Start of Records for this task
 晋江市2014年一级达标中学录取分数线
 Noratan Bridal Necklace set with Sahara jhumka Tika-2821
End of Records for this task
Start of Records for this task
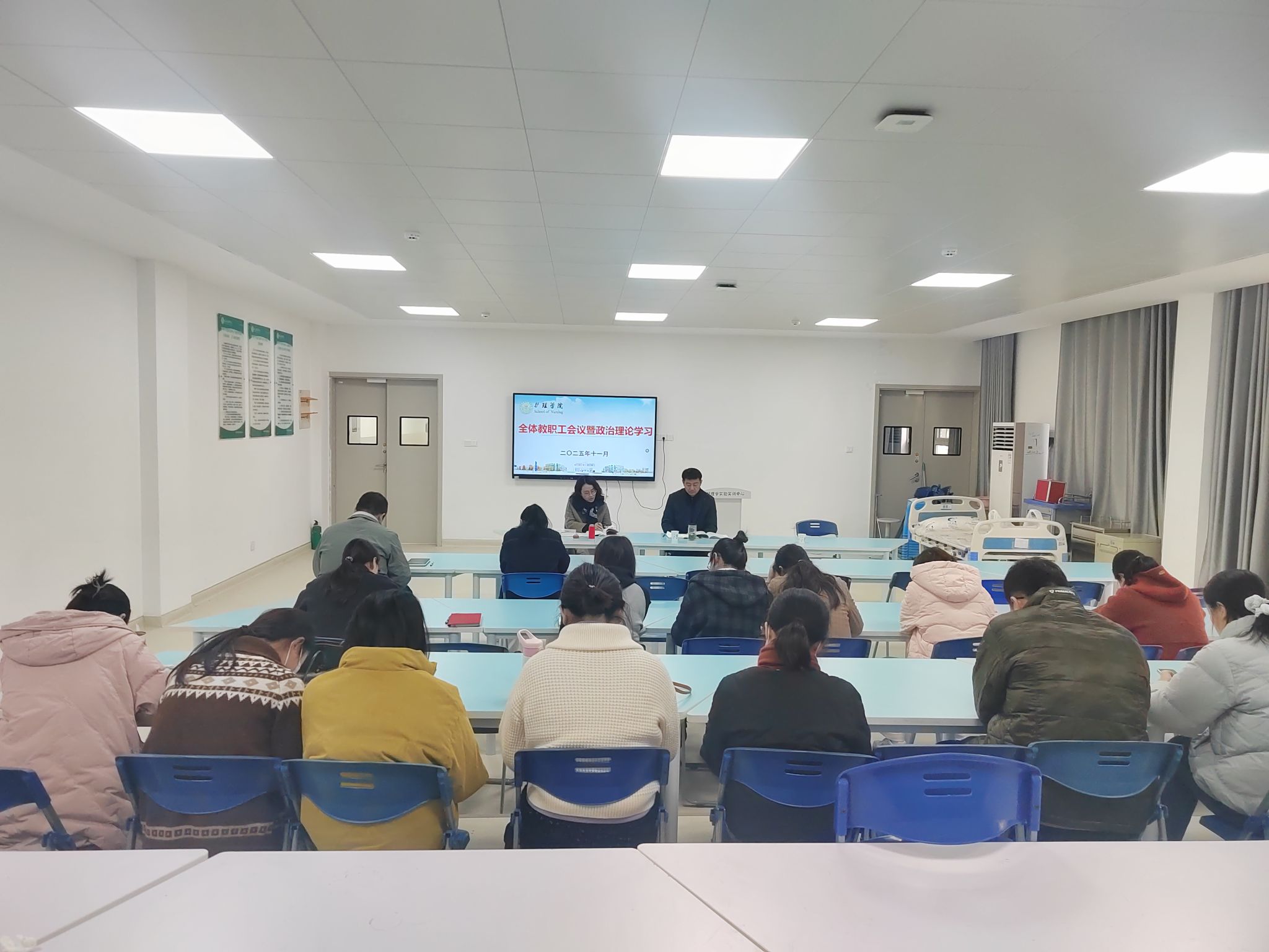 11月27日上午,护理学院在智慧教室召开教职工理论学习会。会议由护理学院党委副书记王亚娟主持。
End of Records for this task
*Task to carry out*: Using the entries above, return exactly the lines from the line with "晋江市2014年一级达标中学录取分数线" to the line with "Noratan Bridal Necklace", counting both of those lines.

*Task response*:
 晋江市2014年一级达标中学录取分数线
 Noratan Bridal Necklace set with Sahara jhumka Tika-2821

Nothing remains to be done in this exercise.